Tobias Whitaker (fl. 1634–1661) was an English physician.

==Biography==
Whitaker was born probably in 1600 or 1601. He practised physic first in Norwich, and in 1634, while residing in that town, published ‘Περὶ ὑδροπωσιας,’ London, 12mo. Between 1634 and 1638 he went to London, and in 1638 brought out his most important work, ‘The Tree of Humane Life, or the Bloud of the Grape, proving the Possibilitie of maintaining Humane Life from Infancy to Extreame Old Age, without any Sicknesse, by the Use of Wine’ (London, 8vo). This defence of wine, which he regarded as a universal remedy against disease, was republished in 1654, and translated into Latin under the title ‘De Sanguine Uvæ’ (Frankfort, 1655, 8vo; Hague, 1660, 1663, 12mo). In September 1660 he was appointed physician in ordinary to the royal household with a salary of 50l. a year (Cal. State Papers, Dom. 1660–1, p. 281).
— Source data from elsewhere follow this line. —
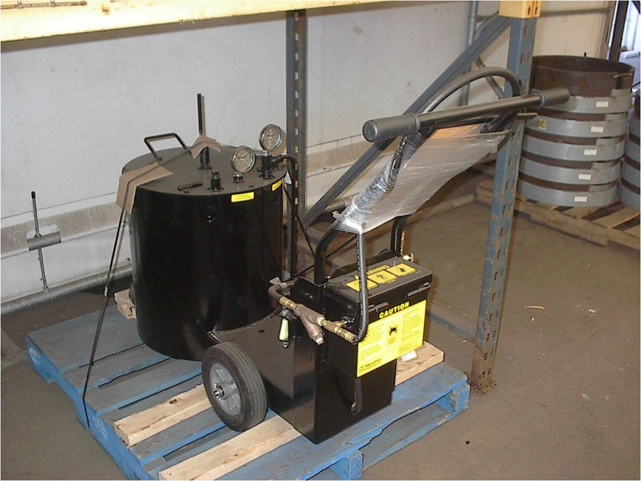 Плавильный котел KERA10 предназначен для нагрева и приготовления герметика для заливки трещин Oil Jacketed Rubberized Asphalt Kettle for crack sealing/waterproofing Gravity Pour, Propane Fired Manual Agitation, Walk Behind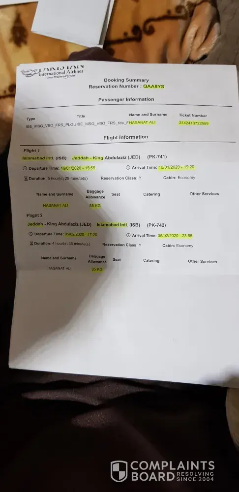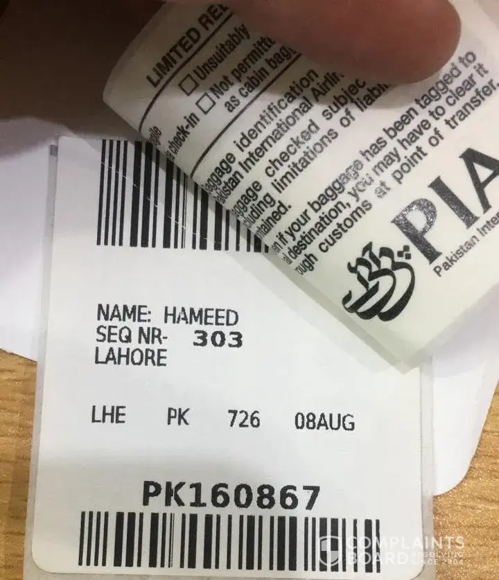 I was holding return ticket from lhe-ruh-lhe and was travelling on 8th august 2019 from riyadh to lahore by pk726. I presented two bags of 24 kg & 16 kgs. With one zam zam bottle. The pia official at the counter insisted to make both bags total 30 kgs whereas 40 kgs weight is allowed on return journey. During this dispute & insisting of the official both bags were made 16 & 14 kgs respectively. In the mean time one bag was gone through without the tag & two tags were issued to me one for my bag & other for zam zam bottle. Third tag was not issued to me despite of repeated requests to the pia official. In reply he told not to worry bag will be delivered to you at lahore airport.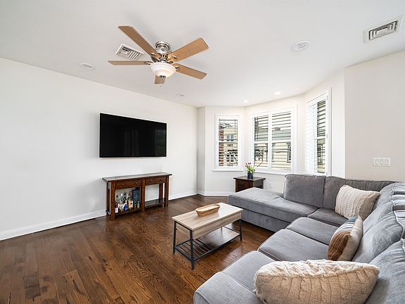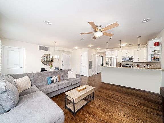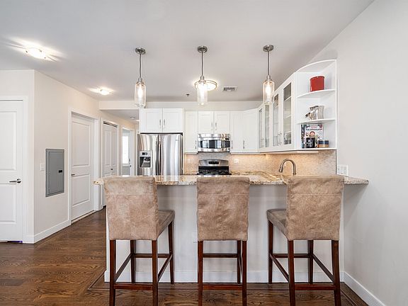 207 2nd Street is an intimate 8-unit building, offering a serene escape and privacy with only two homes per floor. Built in 2009, an elevator building in downtown Hoboken, this 3-bedroom, 2-bathroom condominium offers a lifestyle of unparalleled convenience. This condo boasts an inviting layout flooded with natural light, with expansive bay windows in the living area and primary bedroom. Entertain in style with a seamless open floor plan, delineating distinct living and dining spaces. Three generously sized bedrooms are perfect for guests or a growing family. The exquisitely designed kitchen, adorned with sleek white maple cabinetry, luxurious granite countertops, and a stunning limestone backsplash. A spacious breakfast bar, under-cabinet lighting, and GE Profile Series stainless steel appliances round out the design. The primary bedroom is a sanctuary, ample space for a king-sized bed, an en-suite bathroom with a granite countertop vanity and contemporary tile design. Organization is effortless with custom closets throughout, while recessed lights add a touch of modern elegance. Enjoy the convenience of in-unit washer/dryer and a separate needed storage space. Additional highlights include central heat/AC, an on-demand tankless hot water heater, three ceiling fans, and oak hardwood floors with a charming mahogany inlay border. Take advantage of the building's elevator and common outdoor space, perfect for enjoying fresh air and mingling with neighbors. With multiple parking garages within walking distance, bustling Washington Street, and the Hoboken Path, urban convenience right at your door.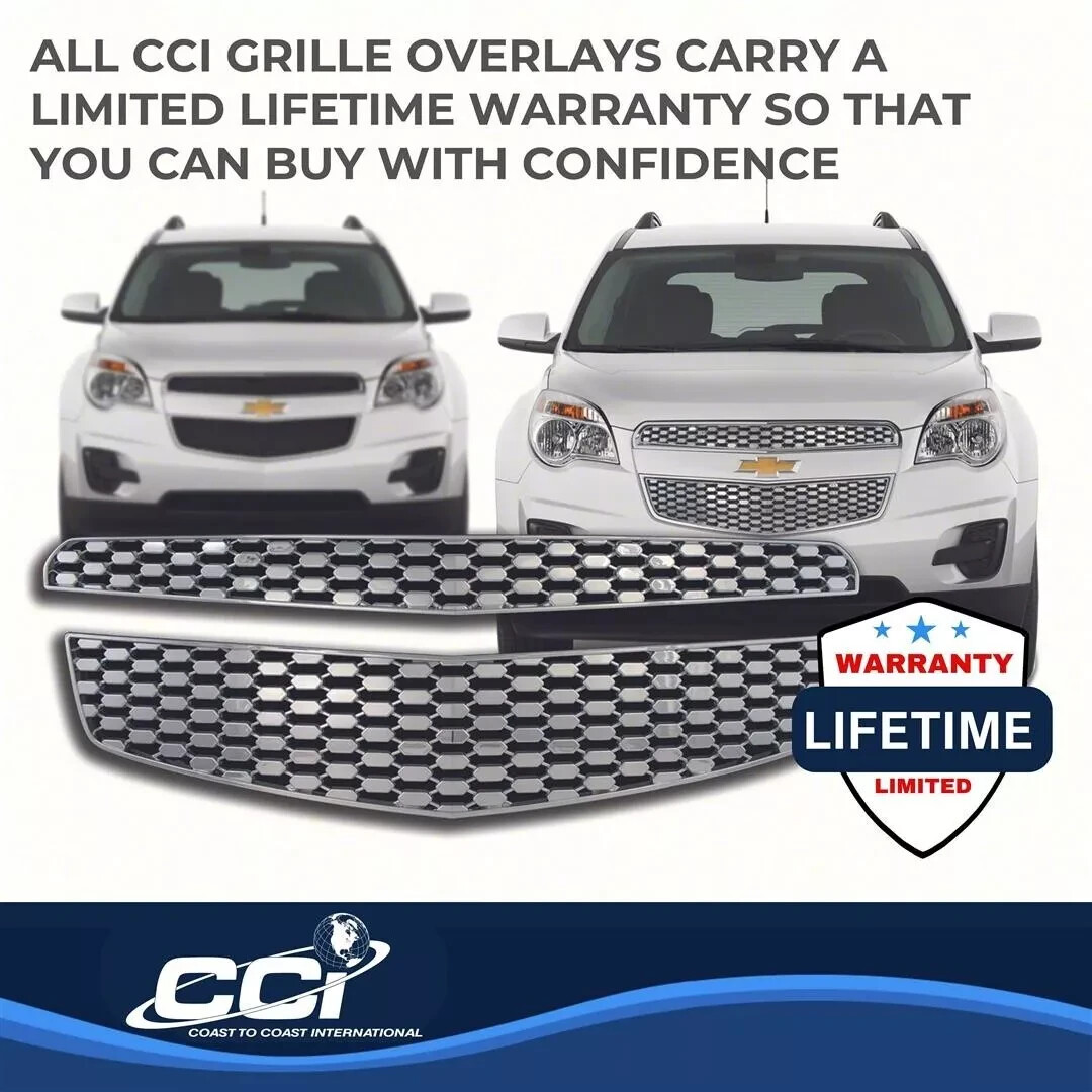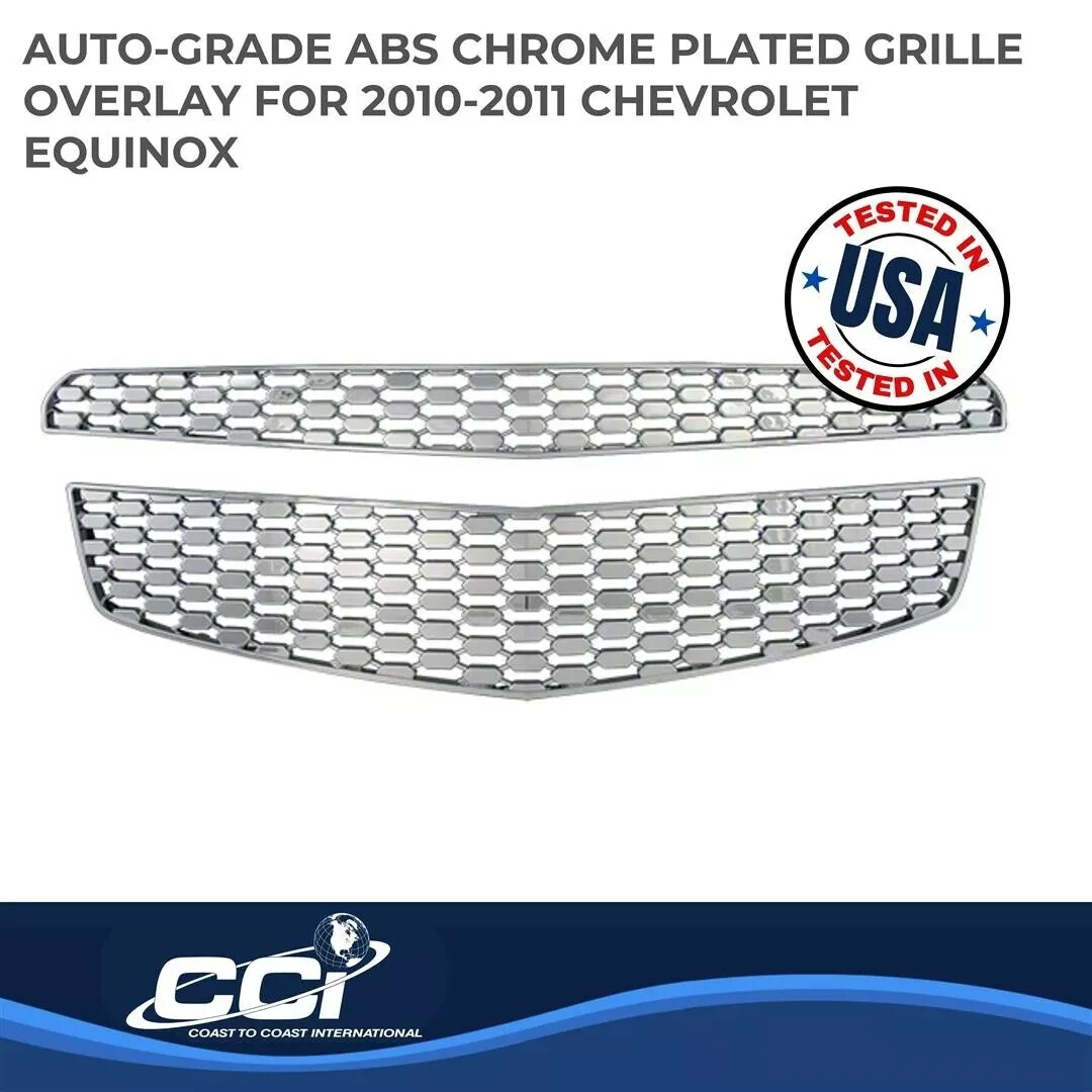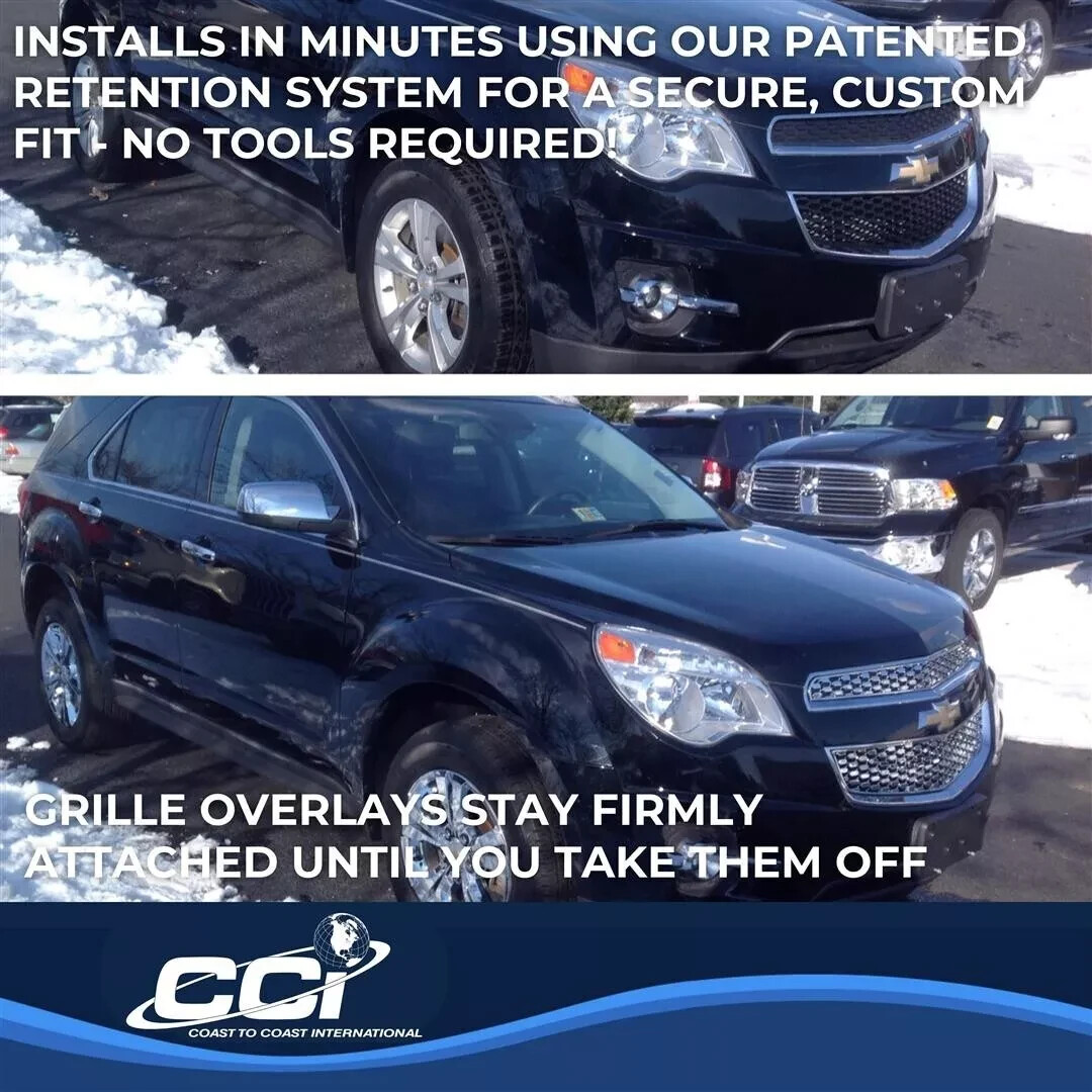 These overlays are specifically tailored to fit the factory grille featured on 2010-2011 Chevrolet Equinox models listed below. The package consists solely of the two pieces depicted in the product image. These components are designed to be applied over your OEM factory grille as an overlay. It’s important to emphasize that this product is not a replacement grille and does not include a shell or any additional components.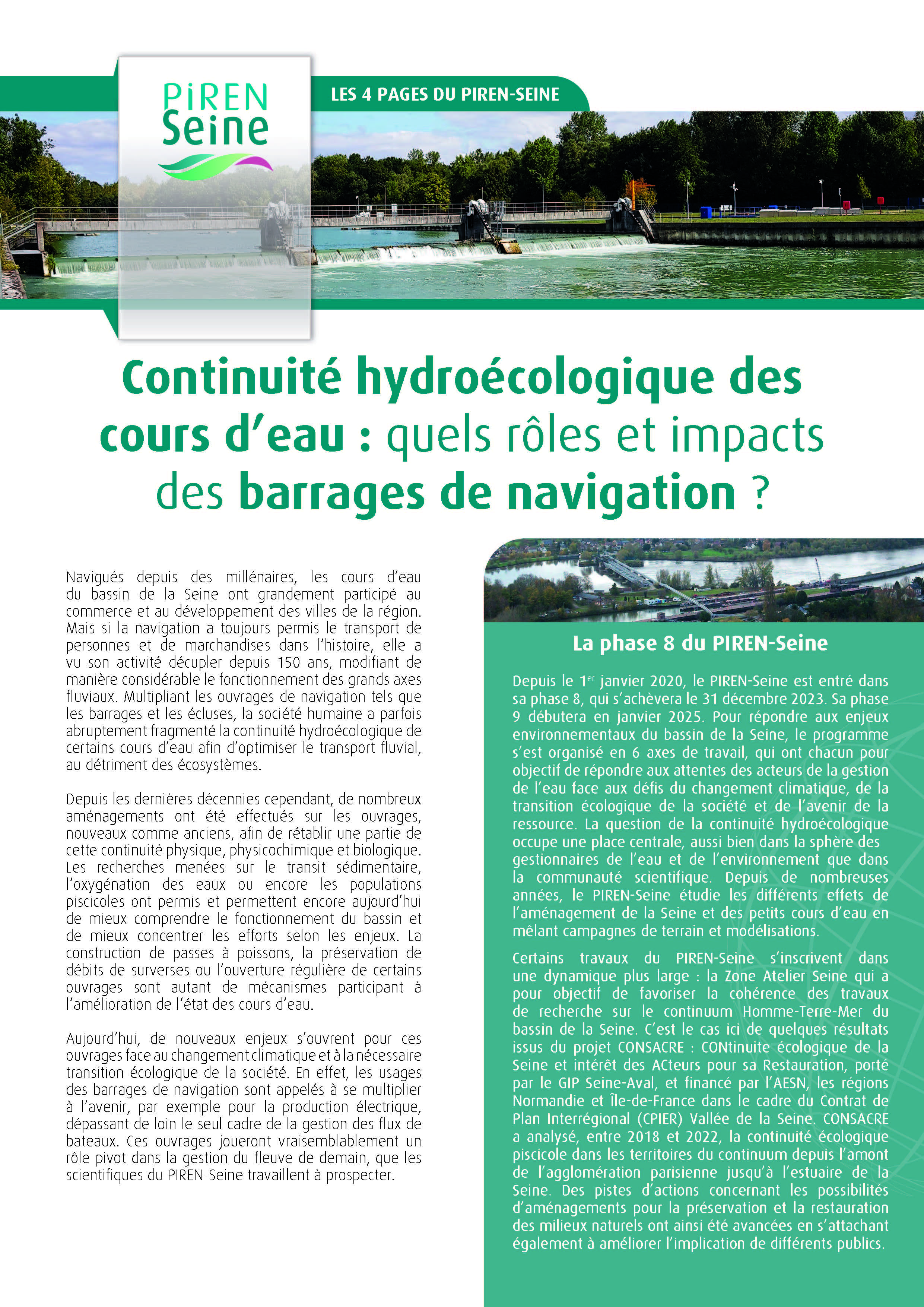 Aujourd’hui, de nouveaux enjeux s’ouvrent pour ces ouvrages face au changement climatique et à la nécessaire transition écologique de la société. En effet, les usages des barrages de navigation sont appelés à se multiplier à l’avenir, par exemple pour la production électrique, dépassant de loin le seul cadre de la gestion des flux de bateaux. Ces ouvrages joueront vraisemblablement un rôle pivot dans la gestion du fleuve de demain, que les scientifiques du PIREN-Seine travaillent à prospecter.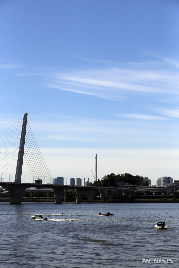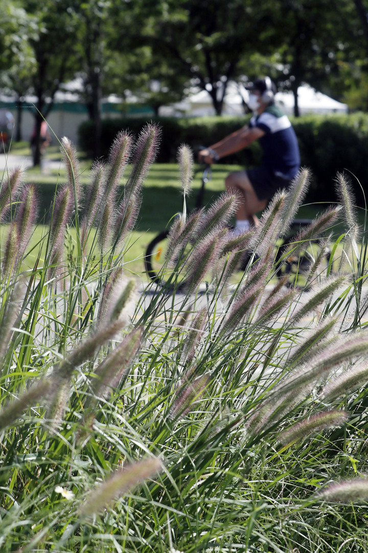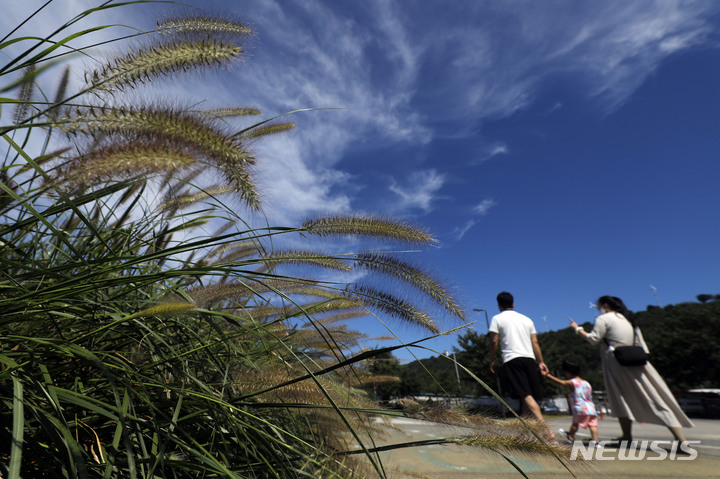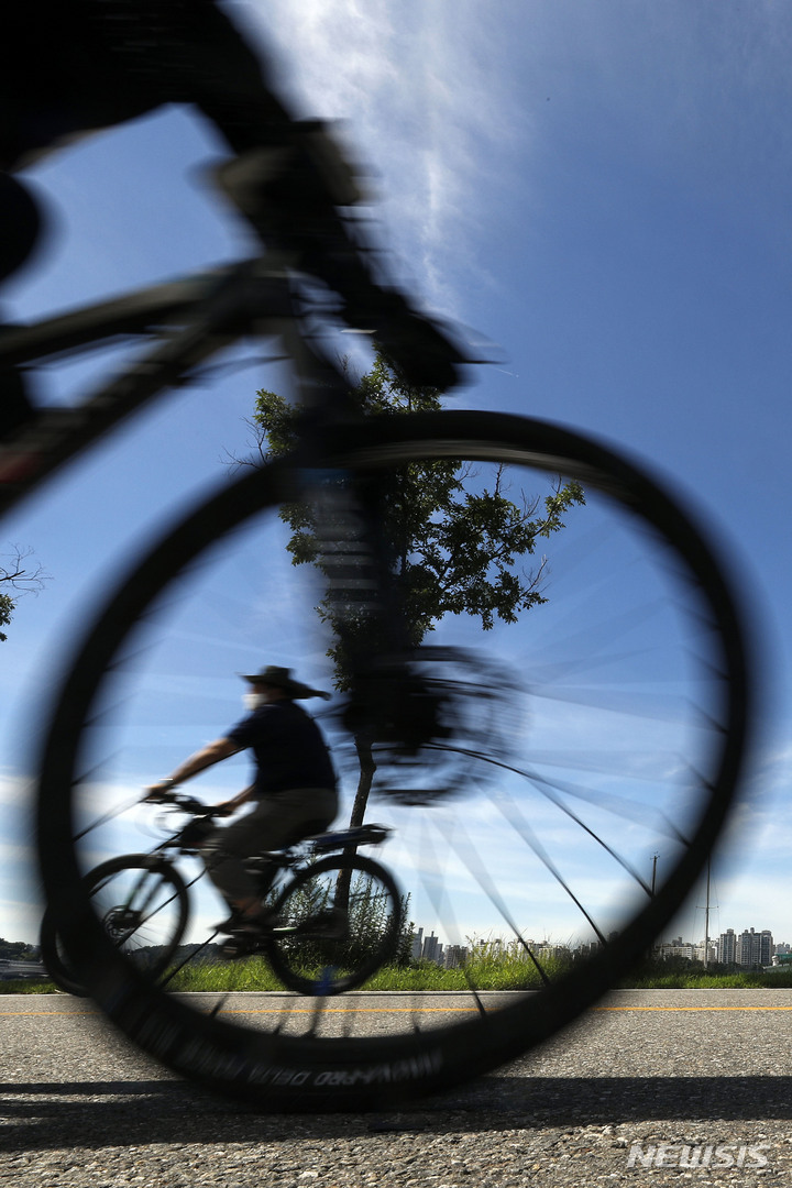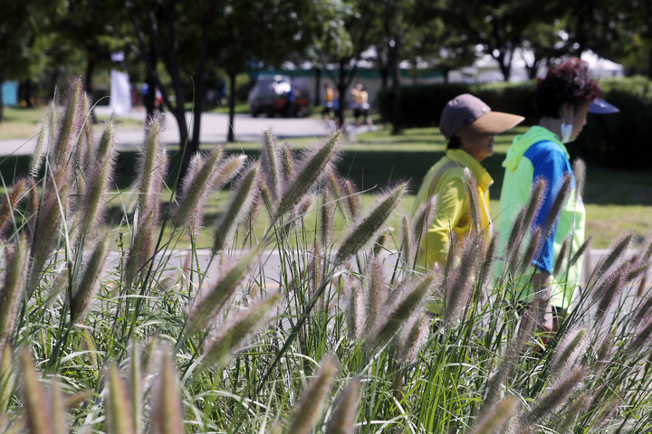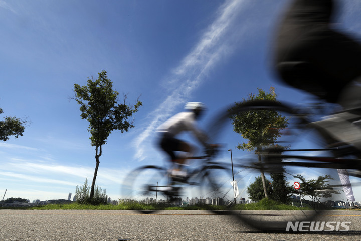 【NEWSIS】初秋を思わせる天気となった28日、ソウル市麻浦区の蘭芝漢江公園でランニングをする人。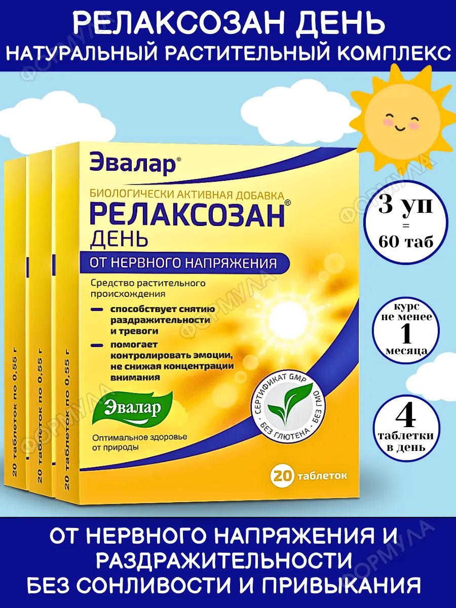 Эвалар Релаксозан День Комплекс для нервной системы 20таб*3уп

In 1661 he published ‘An Elenchus of Opinions concerning the Smallpox,’ London, 12mo, to which was prefixed his portrait engraved by John Chantrey; another edition appeared in 1671. Whitaker died early in 1666, before 21 May (cf. ib. 1664–5 p. 129, 1665–6 p. 406).

‘The Tree of Life’ is ascribed by Wood to William Whitaker, a candidate of the Royal College of Physicians, who died in the parish of St. Clement Danes in January 1670-1 (Wood, Fasti Oxon., ed. Bliss, ii. 178; Foster, Alumni Oxon., 1500–1714; Munk, Royal Coll. of Phys. i. 268).